Problem -
Which lines run from the line with "каждой поездки ." to the end of the entries? Write out exactly those, leaving out the pictures.

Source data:
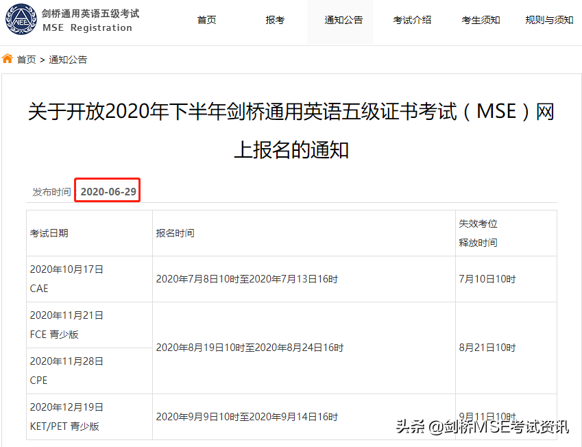 注:教育部考试中心剑桥通用英语五级考试报名官网通知链接:
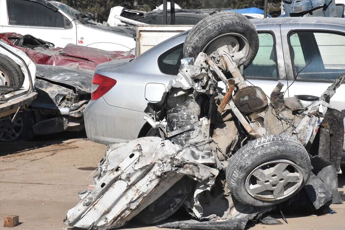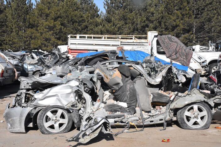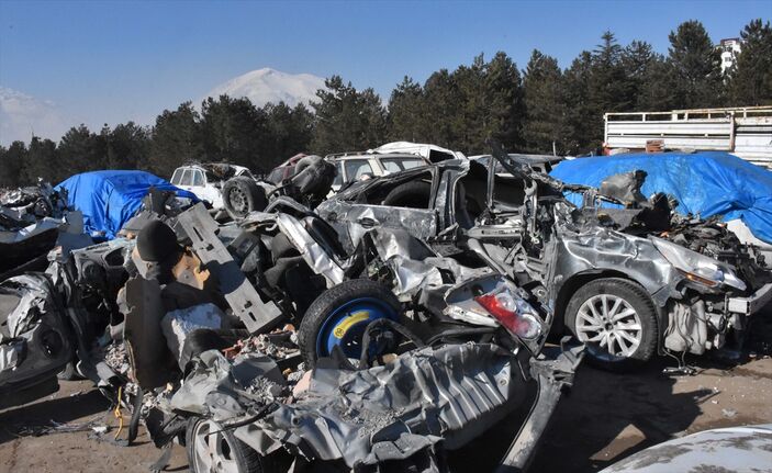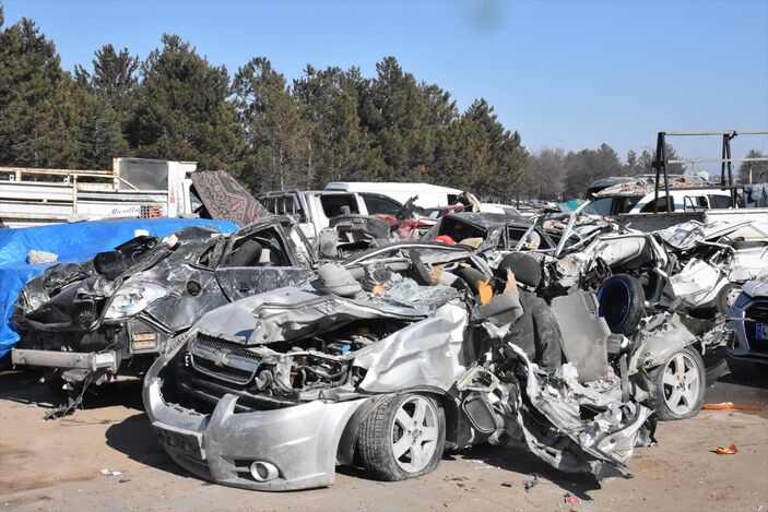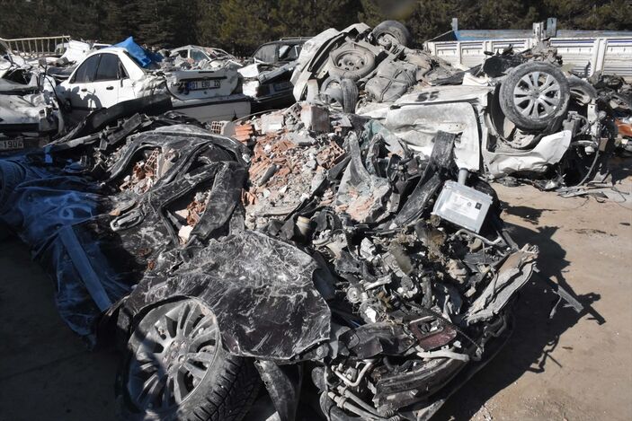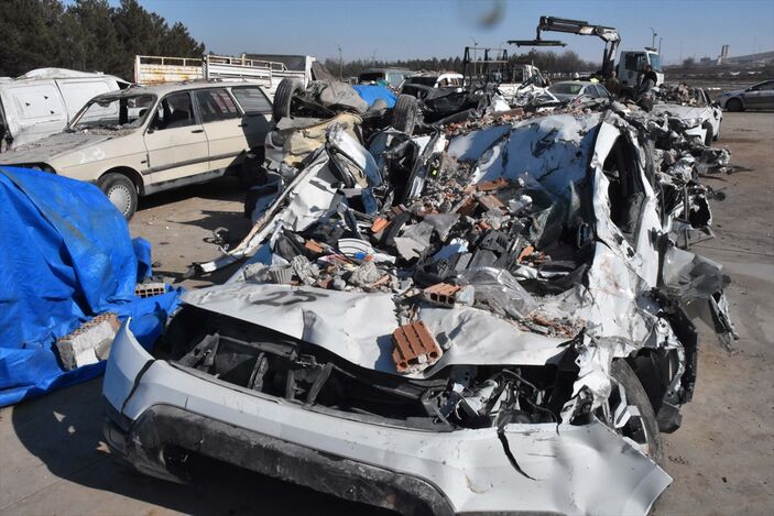 Kaldırılan enkazların altından çıkarılan araçlar, Elbistan-Nurhak kara yolunda bulunan şeker fabrikasının yanında hazırlanan otoparka götürülüyor.
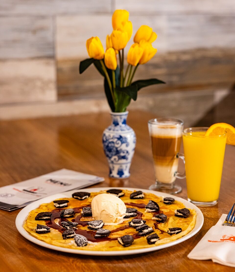 Explore Willem’s Dutch Pancakes, a charming Dutch eatery located on Palm Beach’s vibrant hotel strip. Our pancakes are carefully prepared using the freshest ingredients, with flour authentically produced according to the time-honored 19th-century methods of Dutch miller Willem van Tooren. The menu offers a wide variety of sweet and savory Dutch pancakes, each delicious and always affordable. We also serve home-roasted coffee, including a selection of hot and cold specialty coffees.
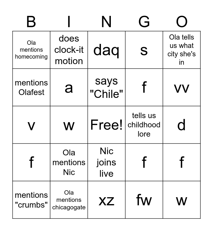 This bingo card has a free space and 24 words: Ola mentions Nic, Ola mentions chicagogate, says "Chile", mentions "crumbs", Ola tells us what city she's in, Ola mentions homecoming, mentions Olafest, does clock-it motion, tells us childhood lore, Nic joins live, f, v, f, f, a, fw, d, daq, vv, w, w, f, s and xz.
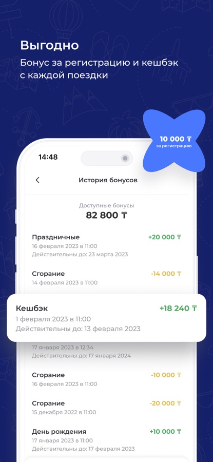 ⁃ Выгодно. 10 000 тг бонусов за регистрацию и кешбэк с каждой поездки .
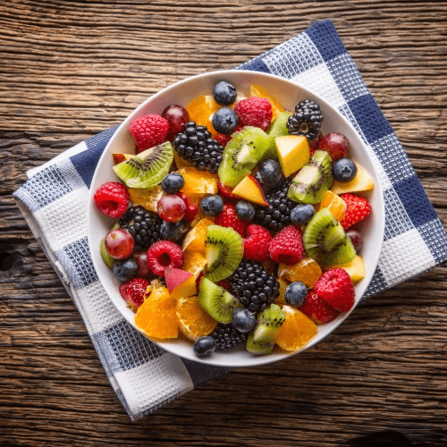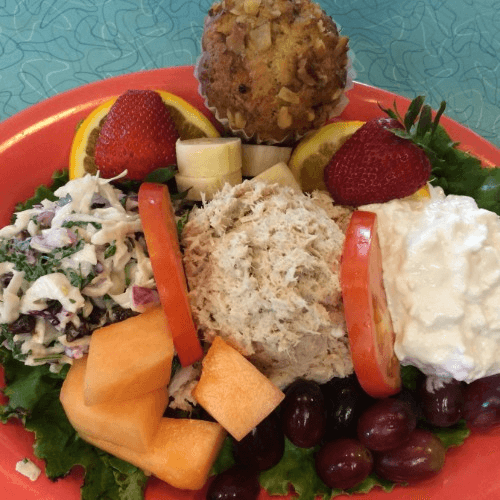 Includes a scoop of coleslaw, cottage cheese and fresh fruit with a live forever" muffin

Your response -
 ⁃ Выгодно. 10 000 тг бонусов за регистрацию и кешбэк с каждой поездки .
 Includes a scoop of coleslaw, cottage cheese and fresh fruit with a live forever" muffin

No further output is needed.